Data Generation
To generate data, click on Data Generation > Generate on left panel.
This UI should be seen:
To generate data, form must be filled:
- Model: Pick up a model among the ones available.
- Connector: Once model has been chosen, a connector drop-down list appear. Pick up the connector where to generate data to.
- Connectors Configuration: Once a connector has been selected some required and optional configurations appears. To know in details, check section ‘Connectors Configuration’
- Number of Batches: How many batches of generation to run. (By default, one batch will retain all data generated in-memory and then flushes it before going to the next)
- Number of Rows per Batch: How many rows to generate by batch ? (To size according to server’s memory as all these rows will be retained in-memory)

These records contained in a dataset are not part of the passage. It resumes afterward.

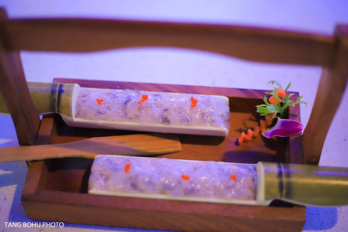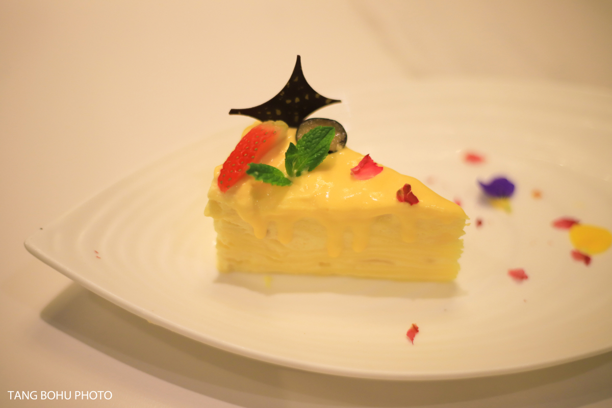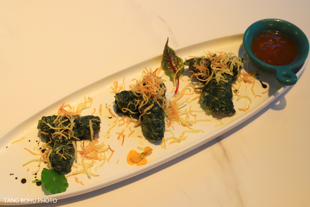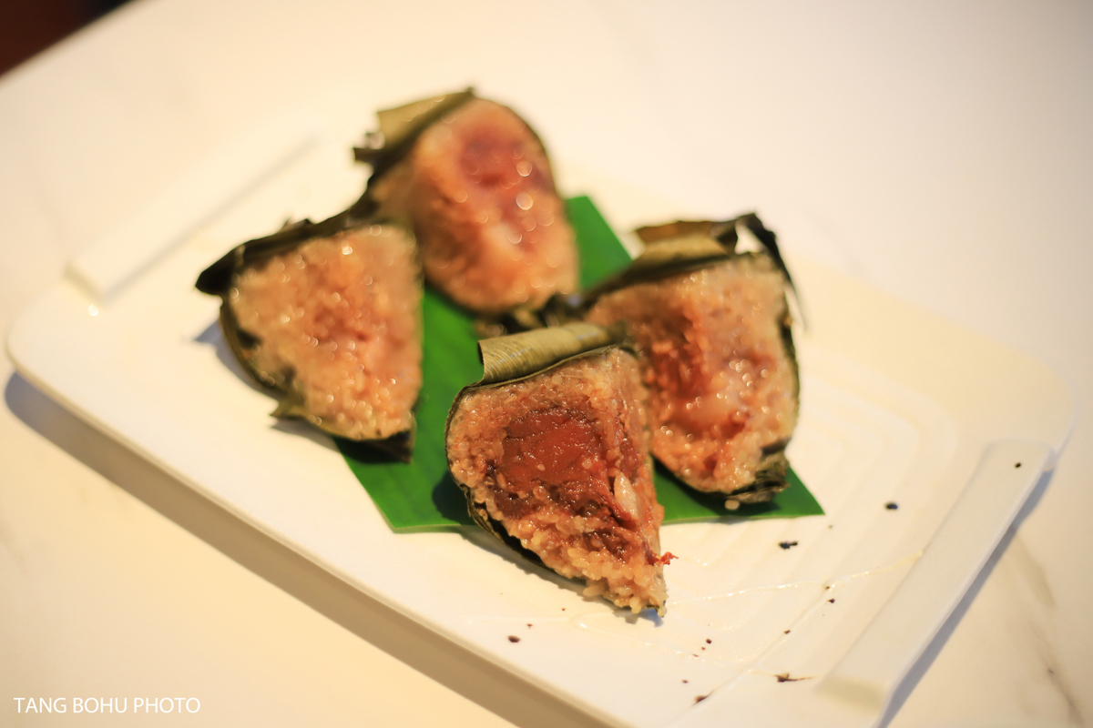 Other highlights included the Ding'an Black Pork Rice Dumplings—similar to Fujian-style savory zongzi but with a unique fragrant twist using locally raised black pork and salted duck egg yolks. The sweet potato leaves with shrimp paste were tender and flavorful, though a bit on the salty side. For dessert, the durian mille crepe cake was a dream come true for this durian lover—delicate layers of crepe and fresh durian cream that looked as beautiful as it tasted.
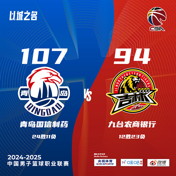 JRS直播网讯 北京时间1月25日讯 CBA常规赛,青岛今日迎战吉林,前者上场比赛战胜四川,后者则是输给新疆。比赛上来,两队的进攻表现都不太好,半节时间得分均未上双,不过青岛随后在两分钟的时间里轰出一波11-0的小高潮拉开分差,首节末段到次节初,吉林连拿七分又追了回来,但随后他们就陷入到得分荒,青岛再打11-0建立起两位数的领先优势,半场结束时吉林落后13分;下半场回来,两队展开对攻,分差并没有发生太大变化,青岛始终握有十分以上的领先,末节吉林也没有再获得任何机会,最终青岛轻取吉林迎来连胜。
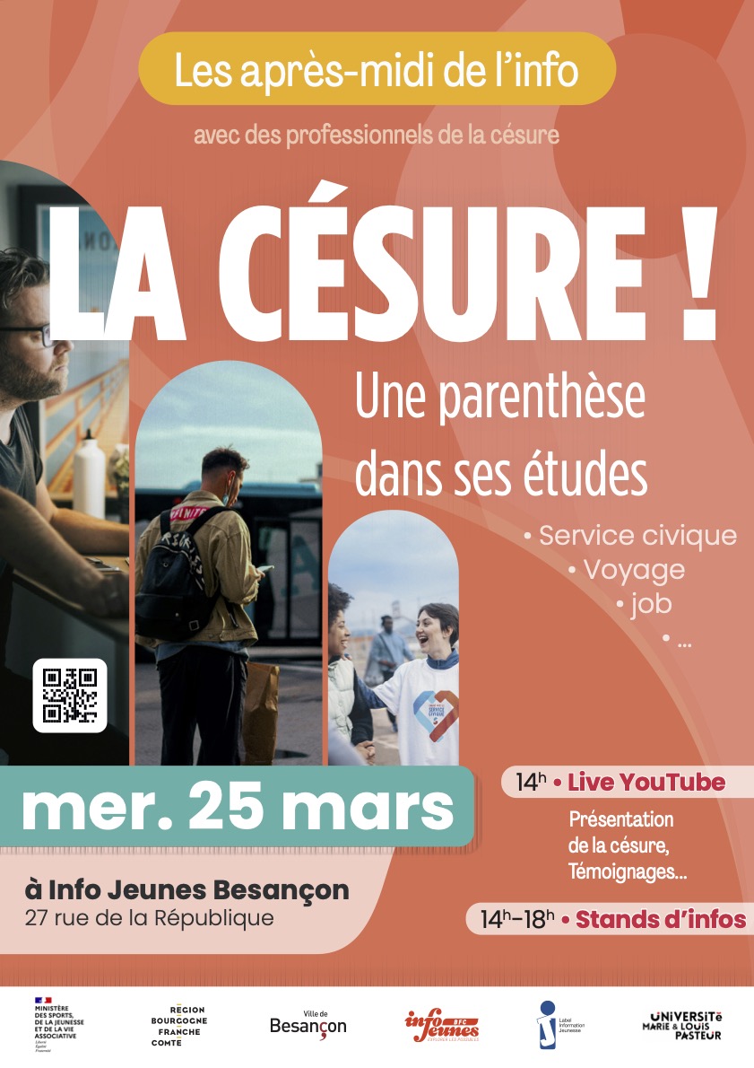 Info Jeunes BFC et l'Université Marie et Louis Pasteur organisent un après-midi d'informations sur la césure mercredi 25 mars 2026 de 14h à 18h au centre Info Jeunes Bourgogne Franche-Comté à Besançon, à suivre également sur YouTube.
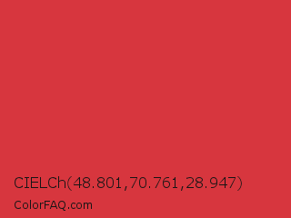 CIELCh 48.801,70.761,28.947 Color is a normal red color and the nearest color is Jasper #d73b3e. Hex code #d7363e and RGB value is rgb(215,54,62). In RGB color space, this color is composed of 84% red, 21% green, 24% blue, In CMYK color space, this color is composed of 0% cyan, 75% magenta, 71% yellow , 16% black , In HSL color space, this color has a hue angle of 357° , 67% saturation and 53% lightness.
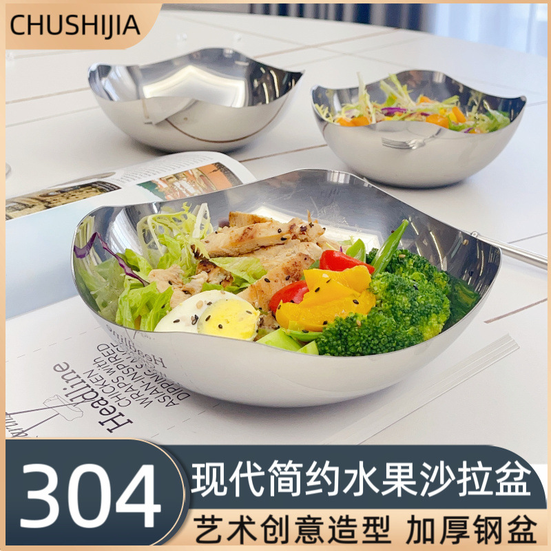 304ステンレスホテル家庭用サラダボウル果物ボウル北欧の軽い贅沢な果物皿トレイにキッチンレストランを置く
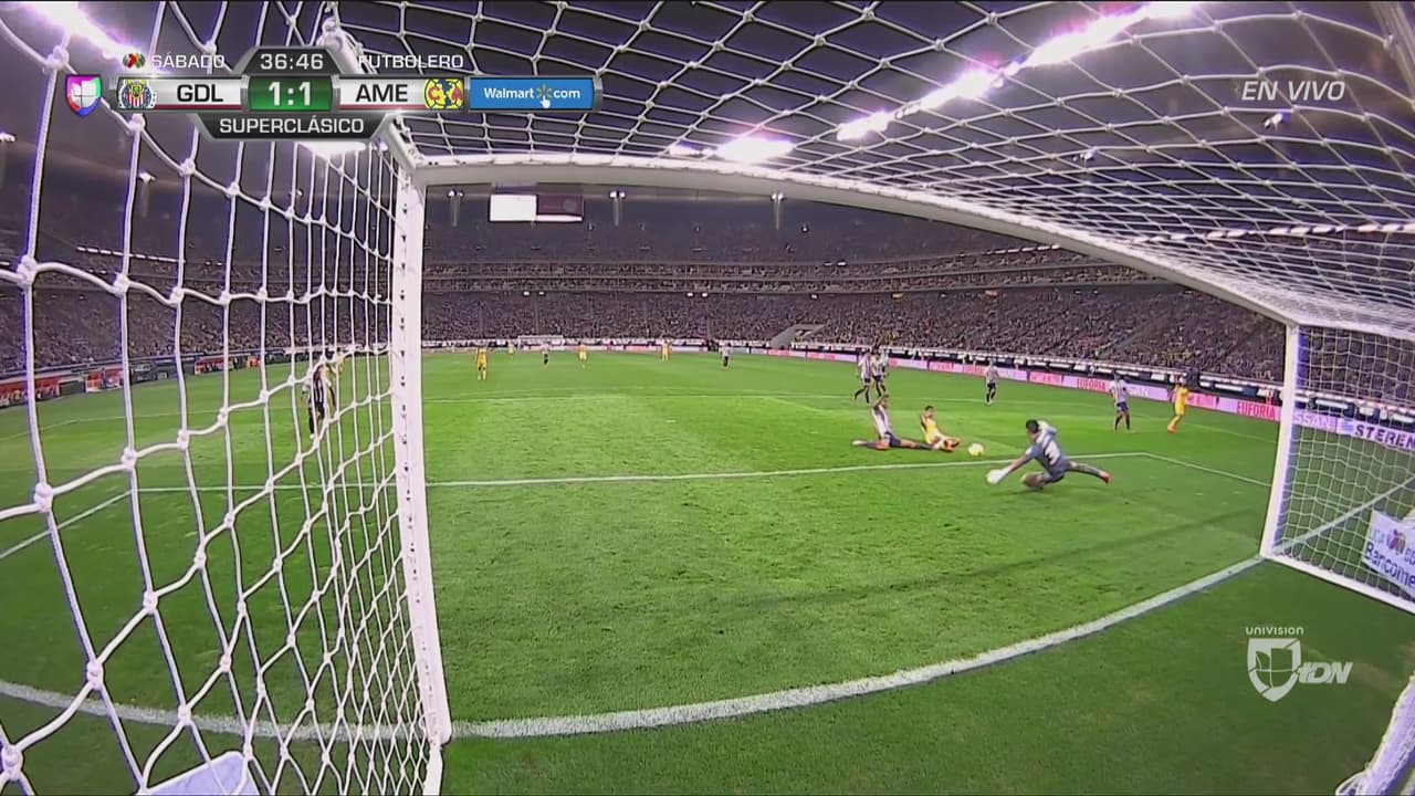Extraordinaria tapada del portero de Chivas tras un gran centro desde la derecha.
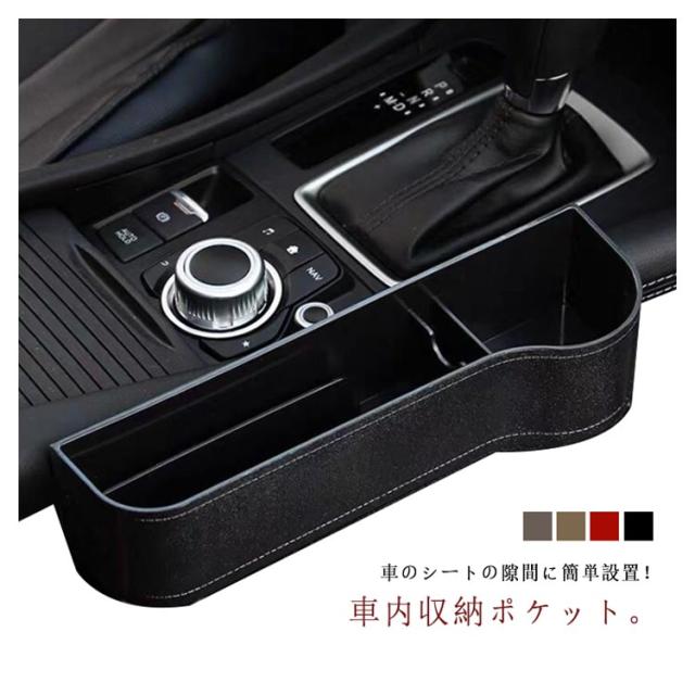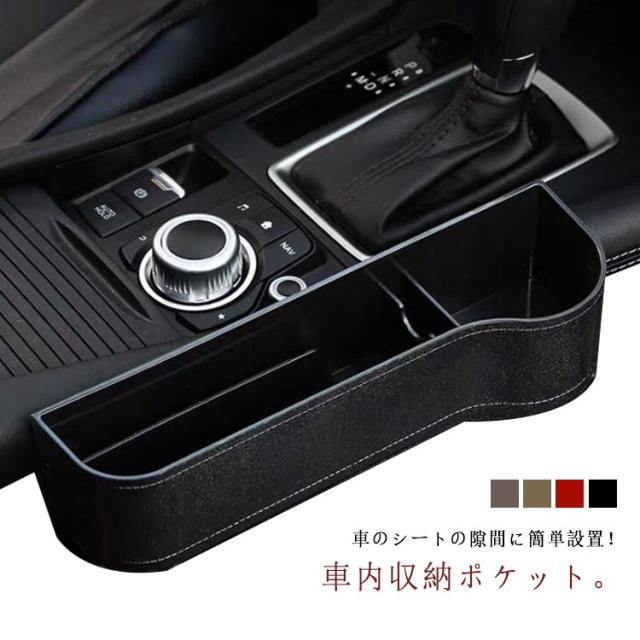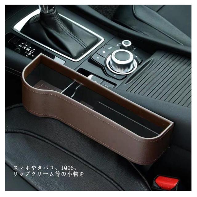 シートポケット コンソールボックス コンソール 2個セット カップホルダー サイド収納ボックス 車用 運転席と助手席 車用品 カー用品 隙間収納 ドリンクホルダー 車載 収納ボックス 装着簡単 整理整頓 小物収納 カー用品 PUレザー カーキ ブラック ブラウン

- Number of Threads: How many threads to launch data generation in parallel ? The more you set, the faster generation should be. (To size according to server’s CPU)
- Credentials: To add credentials of any kind that will be used to authenticate toward the connector. (So generating to AWS will require AWS access keys, toward HDFS, probably a keytab). By default, Datagen has only credentials set in its configuration file.
Note: Total number of rows generated will be Number of Batches * Number of Rows Per Batch
Finally, button Generate Data will create a pop-up showing that command has been well sent, a quick recap and a progress bar that needs to be refreshed with Refresh Button:
This pop-up can be closed and generation can be watched in Commands.